To speed up approval conversion and bolster accountability, some stakeholders have suggested more frequent updates, real-world evidence requirements, and other solutions for improving post-approval studies.

“[Current] House of Representative and Senate bills both address this expedited withdrawal issue, and one of the bills actually goes on to say, could we have an automatic withdrawal of the application if the manufacturer doesn’t meet the timeline for the confirmatory study?” Dr Rogers said. “But there are always going to be issues with studies, so would that require extensions to the study timelines?”

Patient recruitment can be difficult for confirmatory studies since they are conducted with drugs that are already approved, and these proposals also would require more staffing and resources from the FDA, Dr Rogers said.
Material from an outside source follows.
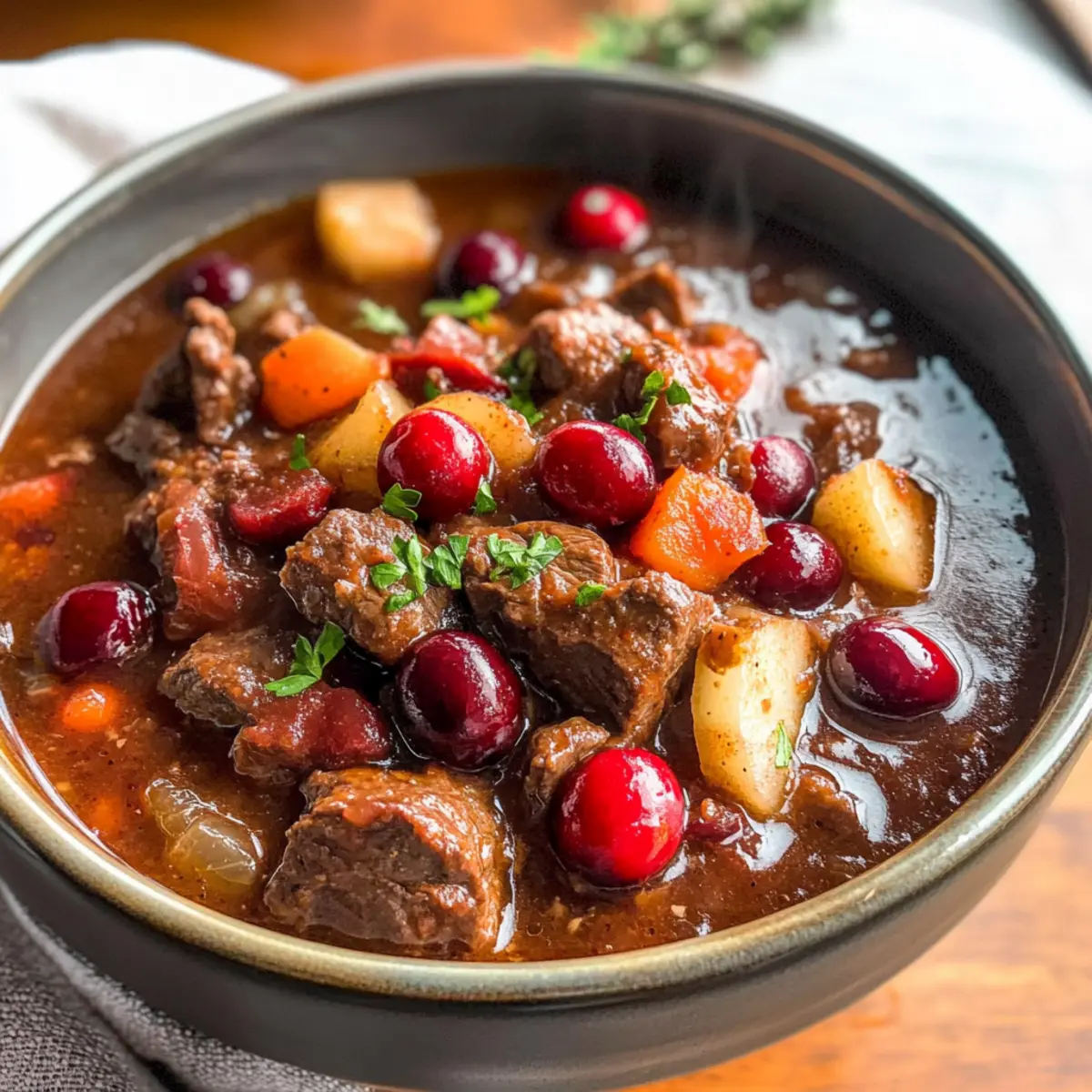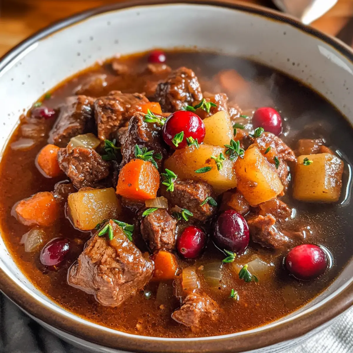 Der Duft von frischem Eintopf im Haus hat etwas Magisches, das Erinnerungen an warme Herbstabende weckt. Heute lade ich euch ein, einen Preiselbeer-Apfel-Rindfleisch-Eintopf zuzubereiten, der genau das perfekte Wohlfühlessen für kühle Tage ist. Mit zartem Rindfleisch, saftigen Äpfeln und der spritzigen Note von Cranberries wird dieses Gericht nicht nur euren Gaumen erfreuen, sondern ist auch eine schnelle Lösung für ein herzhaftes Familienessen. Besonders toll ist, dass ihr das Rezept sowohl auf dem Herd als auch im Instant Pot zubereiten könnt – so bleibt ihr flexibel! Seid ihr bereit, in die Welt des herbstlichen Genusses einzutauchen? Warum ist dieser Eintopf so besonders? Wohlfühlfaktor: Dieser Preiselbeer-Apfel-Rindfleisch-Eintopf sorgt sofort für Gemütlichkeit. Der köstliche Duft erfüllt euer Zuhause und weckt Erinnerungen an gemütliche Abende. Vielseitige Zubereitung: Egal ob auf dem Herd oder im Instant Pot, ihr habt die Freiheit, die Methode zu wählen, die am besten zu eurem Zeitplan passt. Herbstliche Aromen: Die Kombination aus Rindfleisch, Äpfeln und Cranberries bringt die Essenz des Herbstes in euren Topf. Schnelles Familienessen: Perfekt für einen stressfreien Wochentag – der Eintopf lässt sich einfach vorbereiten und schafft einen herzhaften Genuss für die ganze Familie. Gesunde Zutaten: Mit einer Vielzahl an frischen Gemüse und fruchtigen Aromen ist dieser Eintopf nicht nur lecker, sondern auch nährstoffreich. Für eine glutenfreie Variante lasst einfach das Mehl weg! Genießt dieses Rezept, das in eurer Küche zum neuen Lieblingsgericht werden könnte! Preiselbeer-Apfel-Rindfleisch-Eintopf Zutaten Hinweis: Dieser Preiselbeer-Apfel-Rindfleisch-Eintopf vereint herzhafte und fruchtige Aromen, die sich perfekt für eure gemütlichen Herbstabende eignen. Für das Fleisch • Rindfleisch (Chuck Roast) – Das Hauptprotein, das Tiefe und Reichhaltigkeit bietet; kann durch Rindfleisch für Eintöpfe ersetzt werden. • Olivenöl – Zum Anbraten des Rindfleisches und Sautieren von Gemüse; kann durch Pflanzenöl oder Butter ersetzt werden. Für die Brühe • Tomatenmark – Verleiht dem Eintopf Umami und Farbe; keine direkte Substitution notwendig. • Rotwein oder Rotweinessig – Verstärkt den Geschmack; Wein fügt Tiefe hinzu, während Essig Säure beiträgt, alternativ kann auch Balsamico-Essig verwendet werden. • Rinderbrühe – Bildet die Basis des Eintopfs, die alle Geschmäcker vereint; für eine leichtere Variante kann Gemüsebrühe verwendet werden. • Worcestershire-Sauce – Fügt komplexe salzige und herzhafte Tiefe hinzu; Sojasauce kann als Ersatz genutzt werden. Für das Gemüse • Zwiebel – Sorgt für Süße und Aroma, gewürfelt für gleichmäßiges Garen; Schalotten sind eine milde Alternative. • Sellerie – Bietet Knackigkeit und Leichtigkeit, dünn geschnitten; Karotten können als Ersatz verwendet werden. • Knoblauch – Sorgt für aromatische und herzhafte Noten; die Menge kann nach Vorliebe angepasst werden. • Karotten – Fügen Süße und Farbe hinzu, grob gewürfelt; andere Wurzelgemüse wie Pastinaken können ebenfalls verwendet werden. • Yukon Gold Kartoffeln – Trägt zur Cremigkeit bei; sie müssen nicht geschält werden, um Textur zu erhalten. • Lorbeerblätter – Verstärken den Geschmack; vor dem Servieren entfernen; kein direkter Ersatz, aber eine Prise getrockneter Thymian kann verwendet werden. Für die fruchtigen Noten • Granny Smith Apfel – Verleiht eine spritzige Note zur Geschmacksbalance; kann auch gegen spritzige Birnen getauscht werden, aber die Süße anpassen. • Cranberries – Fügen Säure und Farbe hinzu; gefrorene Cranberries sind akzeptabel; kein Ersatz notwendig. • Apfelwein – Bringt Süße und Säure ein, zur Verstärkung des Apfelgeschmacks; kann durch Apfelsaft ersetzt werden, wobei der Zuckergehalt an anderer Stelle im Rezept reduziert wird. Für die Aromatisierung • Frische Salbei – Liefert Erdigkeit; fein gehackt für die Infusion; kann durch getrockneten Salbei ersetzt werden, wobei etwa 1/3 der Menge verwendet wird. • Frische Petersilie – Für Garnierung und Frische; kann durch Schnittlauch ersetzt werden. Genießt die Zubereitung und lasst euch von dem wunderbar wärmenden Geschmack des Preiselbeer-Apfel-Rindfleisch-Eintopfs verzaubern! Schritt-für-Schritt-Anleitung für Preiselbeer-Apfel-Rindfleisch-Eintopf Step 1: Rindfleisch anbraten Erhitze in einem großen Schmortopf das Olivenöl bei mittlerer Hitze. Füge das gewürzte Rindfleisch hinzu und brate es rundherum für etwa 10 Minuten an, bis es schön braun ist. Achte darauf, dass das Fleisch nicht zu dicht im Topf liegt, um gleichmäßiges Anbraten zu gewährleisten. Step 2: Tomatenmark hinzufügen Rühre das Tomatenmark unter das angebratene Rindfleisch und lasse es für 2 Minuten anbraten, bis es leicht bräunt. Dies wird dem Preiselbeer-Apfel-Rindfleisch-Eintopf eine tiefere Geschmacksebene verleihen, während sich die Aromen weiter entfalten. Step 3: Ablöschen Gieße den Rotwein in den Topf und lasse ihn für weitere 2 Minuten kochen. Dabei kratzen die Küchenutensilien den Boden des Topfes ab, um die köstlichen Rückstände aufzulösen. Dies verstärkt den Geschmack des Eintopfs und sorgt für eine reichhaltige Brühe. Step 4: Gemüse sautieren Füge die gewürfelte Zwiebel, den dünn geschnittenen Sellerie und den gehackten Knoblauch hinzu. Brate alles bei mittlerer Hitze 3-4 Minuten lang, bis die Zwiebel glasig und weich ist. Diese aromatische Mischung bildet die Basis für den herzhaften Preiselbeer-Apfel-Rindfleisch-Eintopf. Step 5: Zutaten kombinieren Gib nun die restlichen Zutaten, einschließlich der Kartoffeln, Karotten, Äpfel, Worcestershire-Sauce, Apfelwein und Brühe, in den Topf. Bringe alles zum Kochen, reduziere dann die Hitze und lasse es für 1 Stunde sanft köcheln, bis das Rindfleisch zart ist und die Aromen gut durchgezogen sind. Step 6: Eintopf vollenden Rühre die frischen

Additionally, stakeholders have proposed reimbursement reforms such as increasing federal rebate levels, discounting drugs for Medicare, and limiting pricing until full approval. Some have suggested using outcomes-based contracts to pay for the drugs, but Dr Rogers said this may complicate the drug development process.

“There could be less incentives for manufacturers to use the accelerated approval pathway, particularly for companies that may only have one or two products for rare diseases on the market. Furthermore, could this have a negative impact on drug innovation altogether? With outcomes-based contracts, there are complexities and an unclear impact,” Dr Rogers said.

Some states hope to exclude Medicaid coverage of low-value drugs, such as Massachusetts, which in 2017 requested the Centers for Medicare & Medicaid Services (CMS) waive the obligation of dispensing accelerated approval medications. However, CMS did not grant the waiver. 

Stricter utilization management in the oncology and rare disease spaces may limit costs, Dr Fish said, but it remains unclear what solutions will work best.  

“None of these are the magic bullet. These are relatively simple fixes, but some of these might require big changes to the pathway altogether,” Dr Rogers said.